◎「かま(釜)」

「かまあわ(竈泡)」。「あわ」の子音は退化した。「かま」はこれだけで「かまど(竈)」(というよりも「へっつい(竈:煮炊き用の容器が設置される装置)」を意味します。その「かまあわ(竈泡)→かま」は、その「かま(竈)」が泡(あわ)を吹いているような状態になるもの、の意。これは米の炊飯による、その過程の沸騰によって吹き出る泡です。この表現が、それをもたらすもの、米を炊くこと専用の器具をあらわした。漢字表記はほとんどが「釜」。きわめて稀な例外として「鍋」もあります。形態は、金属製の、底の丸い容器形ですが、竈(へっつい)穴に安定してしかけるために周囲に鍔(つば)がつき「はがま(羽釜)」になり、内部の圧力を高めるために分厚い木製の蓋も置かれます。茶の湯では湯を沸かす道具を「かま」といいます。これは、「かなへ」では名称が無味乾燥で面白みがなく、「なべ」では何かを料理し食うかのようだから、ということでしょう。

「釜 フ カナヘ カマ 鍋 クヮ 同」(『色葉字類抄』(1200年多少前頃):「フ」と「クヮ」はそれぞれ漢字の音(オン)を書いたもの)。

「釡 …和名賀奈閉(かなへ) 一云末路賀奈倍(まろがなへ)」(『和名類聚鈔』(930年代))、「釜 …カナヘ 一云 マロガナヘ 飯釜 カシクカナヘ」(『類聚名義抄』(1100年頃))、この『和名類聚鈔』と『類聚名義抄』の「釜」の項には和名「かま」や「カマ」の読みはありません。『類聚名義抄』にいう「かしくかなへ(炊く金器)」が実質的に「かま(釜)」です。つまり、『類聚名義抄』の頃は、実質的に釜(かま)はありましたが、「かま」という呼称は決定的に一般化はしていなかったのかもしれません。ちなみに、古代では米は玄米のまま蒸していました(自然の成り行きとして、煮たりもしたでしょうけれど)。また、「秔 …志良介米 又 米志良久 又 奴加」(『新撰字鏡』:「志良久(しらく)」は「白(しら)く」であり、(玄米を)精米すること。「秔」の音(オン)は「カウ」)、「粳 …志良介米」(『新撰字鏡』)、こういったことが書かれているわけですから、だいたい900年ころには精米も行われています(ただし、一般的に人々がそうやって米を食べていたというわけではありません)。

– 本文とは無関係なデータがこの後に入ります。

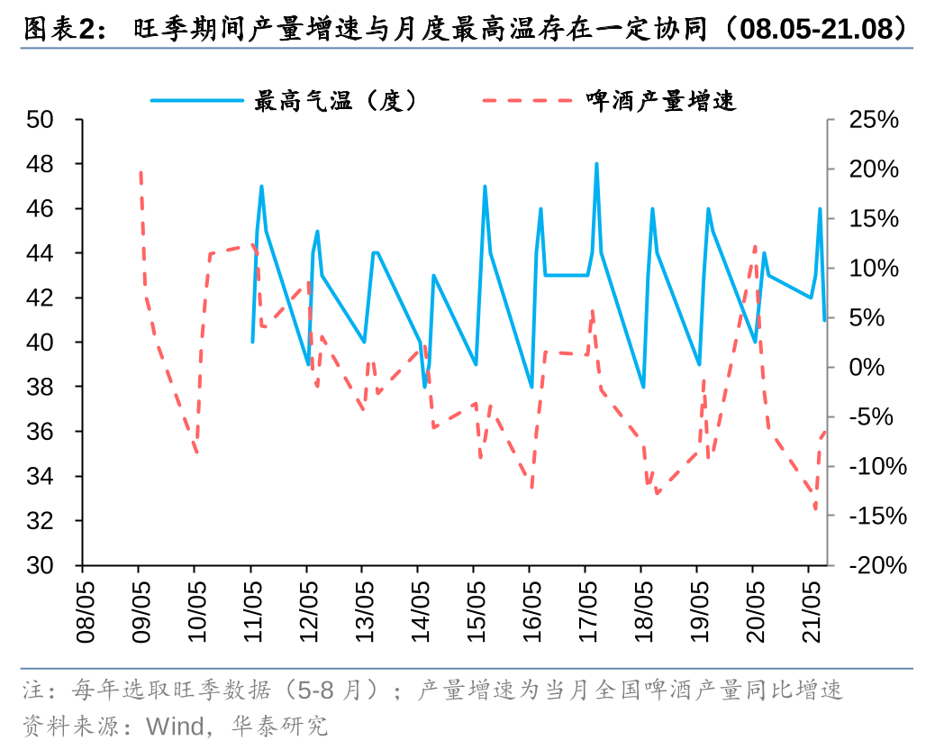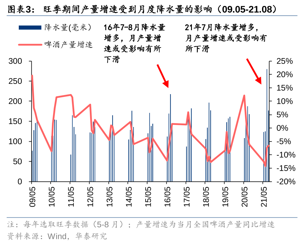分月度看:高温为影响旺季动销主要因素,关注降雨等不确定因素的影响。2008-2021年,啤酒消费旺季(5-8月)期间的产量增速与月度最高温变化间拟合度较高,表明高温对于啤酒旺季消费的拉动存在一定促进作用。而降水量过高则存在负面影响,如16/21年7月降雨量高达218/280毫米,对应当年旺季期间的啤酒产量增速处于相对低点,部分原因为受到异常强降雨量的影响。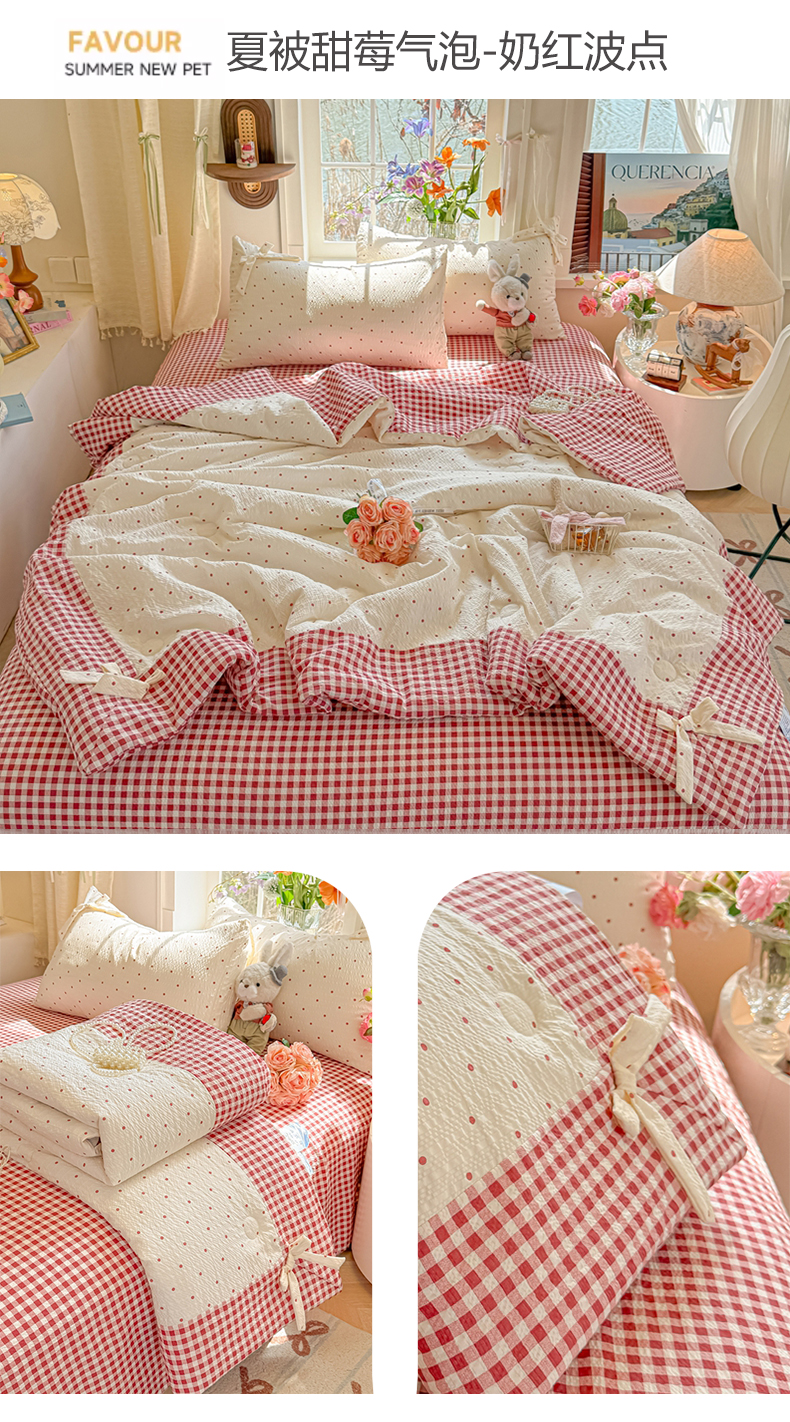 • 91家纺网 家纺一手货源 找家纺 (总)子钦家纺 2026春夏新款提花泡芙棉拼角蝴蝶结软乎乎的撸猫感单夏被夏被四件套-甜莓气泡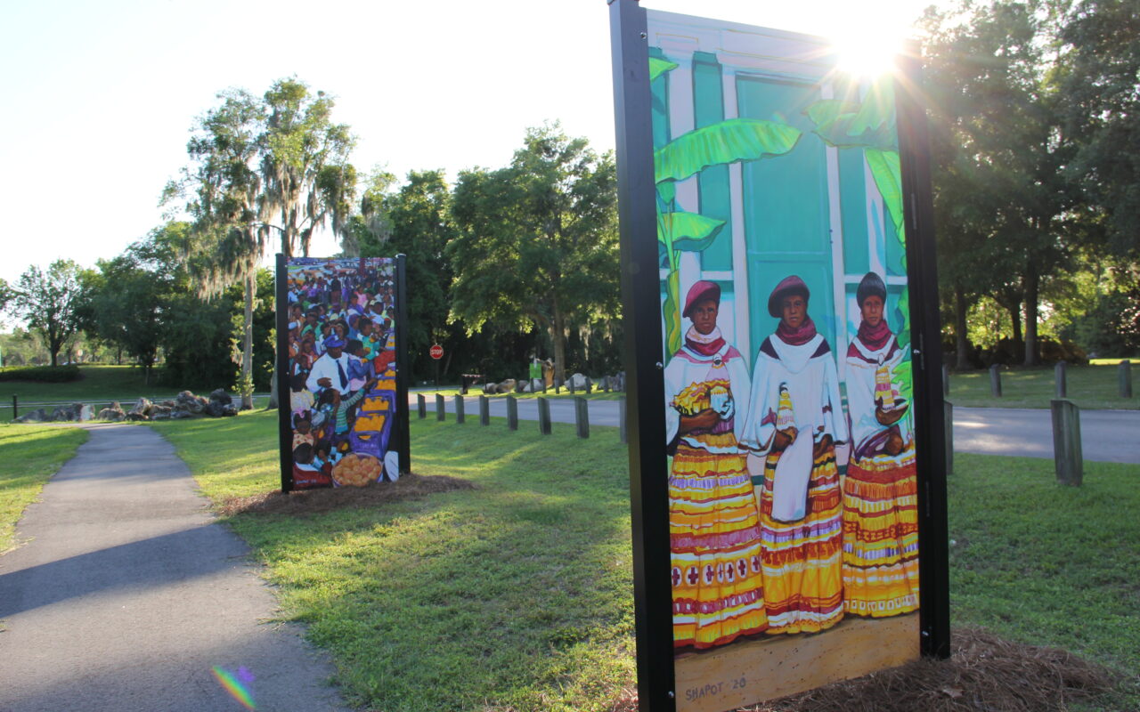The City of Ocala Municipal Government, through its Ocala Cultural Arts division, announces the installation of four mural panels at Scott Springs Park, located at 2825 SW 24th Avenue. The double-sided panels feature two separate mural exhibits, A Journey Though Marti City by Maggie Weakley and Glimpses into the History of Marion County’s Black Culture by Jordan Shapot.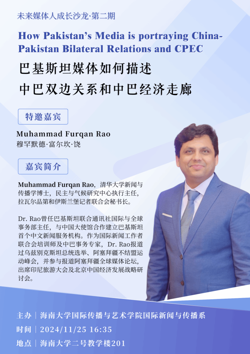 11月25日下午,tyc539太阳集团未来媒体人成长沙龙第二期在二号教学楼201教室举行,本次沙龙由清华大学新闻与传播学博士富尔坎·饶主讲“巴基斯坦媒体如何报道中巴双边关系和中巴经济走廊”,公司国际新闻与传播专业2024级全体员工参与讨论。富尔坎·饶的好友、巴基斯坦《黎明报》分社社长Bakhsh Behram一同参与了讲座。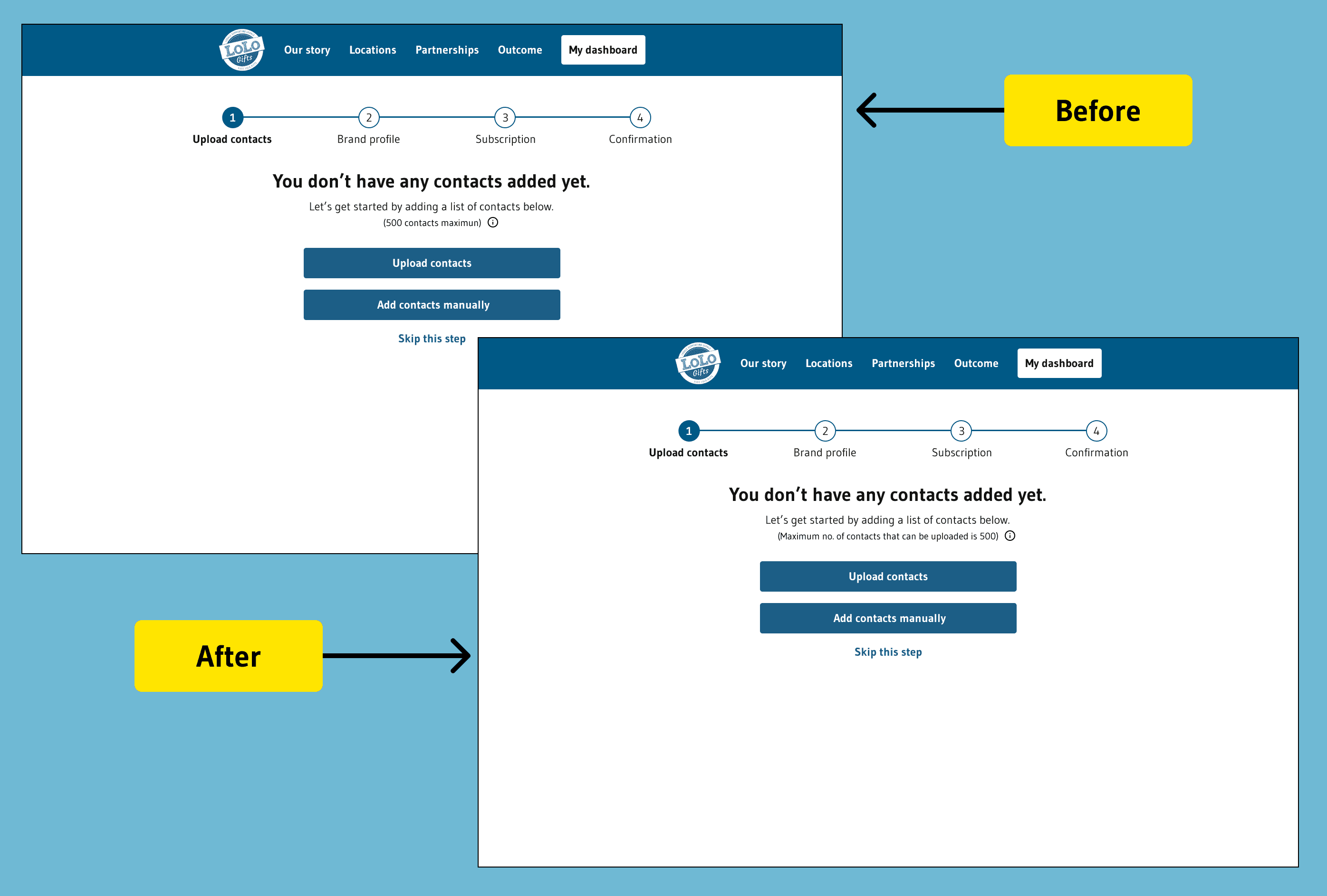 Testing Insights: Overall, the feedback was positive, with only a few users expressing confusion about the wording on the 'Upload Contacts' page, specifically the phrase '500 is the maximum. Some users mistakenly interpreted this as the minimum number of contacts required. Based on their suggestion, we revised the text to 'Maximum number of contacts that can be uploaded is 500' to eliminate any potential confusion moving forward.

ちなみに、『更級日記』(1060年ごろ成立)に「心もしらぬ人をやどしたてまつりて(心も知らぬ人を家に泊めて)、かまばしもひきぬかれなば、いかにすべきぞと思て」という一文があり、この「かまばし」は一般に「釜箸(かまばし)」とされていますが、これは「竈箸(かまばし)」でしょう。火箸のようなもの。釜(かま)の箸(はし)という表現は奇妙です。

 

◎「かまど(竈)」

「かまと(竈処)」。「かま(竈)」は「あけやま(空け山)」。語頭の「あ」は退化し「けや」は「か」になった。「あけやま(空け山)→かま」は、内部を空虚にした山状のもの(装置)であり、上部と底部に穴があり、底部から燃料を入れ着火し、上部から発する熱を利用し、ほとんどは調理に用いる。語尾の「ど」は「と(処)」の濁音化であり、「と(処)」は空間局地的経験経過を表現し(→「と(処)」の項)、この「かま(竈)」は地上に地の一部であるかのように設置されており、「かまと(竈処)」は、竈(かま)たるそこ、竈(かま)たるそれ、の意になる。つまり、「かまと(竈処)」において、「あけやま(空け山)→かま(竈)」は局地的空間域を得、存在的権威となった。

「竈 …和名加万(かま) 炊㸑処也… 𫁑 …和名久度(くど) 竈後穿也」(『和名類聚鈔』)。

「竈 …カマ カマト」(『類聚名義抄』)。

「わがさまのいといらなく(みじめに)なりたるを思ひけるに、いとはしたなくて、(担っていた)芦(あし)もうち捨てて、走り逃げにけり。『しばし』と言はせけれど、人の家に逃げ入りて、竈(かま)の後方(しりへ)にかがまりてをりける」(『大和物語』:単に「かま」と言っている)。

「かまど(可麻度)には火気(ほけ)ふき立てず」(万892)。